Cry Havoc by Simon Mann.
John Blake Publishing Ltd. 2011. 338 pps. $24.99. ISBN: 978 1 84358 403 2.
In 2004, Simon Mann was arrested in Zimbabwe, en route to overthrow the government of Equatorial Guinea. For his role in that failed coup attempt, Mann served four years in a Zimbabwean prison and was then extradited to Equatorial Guinea, to serve another 34-year sentence. He was pardoned in late 2009. This book is his account of the ordeal.
Mann, a former SAS officer, co-founded and managed the private military corporations Executive Outcomes, and Sandline International. Mann participated in assisted regime change in the 1990s in Angola and Sierra Leone, which won Mann and associates a fortune in mineral exploration rights, and diamond mine concessions. While private military operations may be lucrative, the jackpot lurks in the spoils of war. Mann, a soldier of fortune, is quick to point out that the target of the failed coup, Equatorial Guinea, is the third largest oil-producing nation in Africa. There was big money on the line.

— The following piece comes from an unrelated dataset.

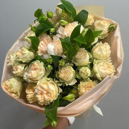 Пионовидная кустовая роза с легким цветочным ароматом.

The book is written in the style of an adventure thriller, books which, Mann read voraciously as a youth. His beginning chapters shift back and forth between his operations in Sierra Leone, Angola and the failed coup attempt in Equatorial Guinea. Mann is explaining his motivation behind the coup d'état turned coup de grâce. It's unnecessary. We know he's after petrodollars, action and prestige. But Mann insists on justifying the coups. His casus belli is absurd:
How many people does a tyrant have to kill or torture before you can take him on? English Common Law is clear enough on that topic: tyranny is assault. To fight against assault is good. To fight to help someone who is being assaulted is good.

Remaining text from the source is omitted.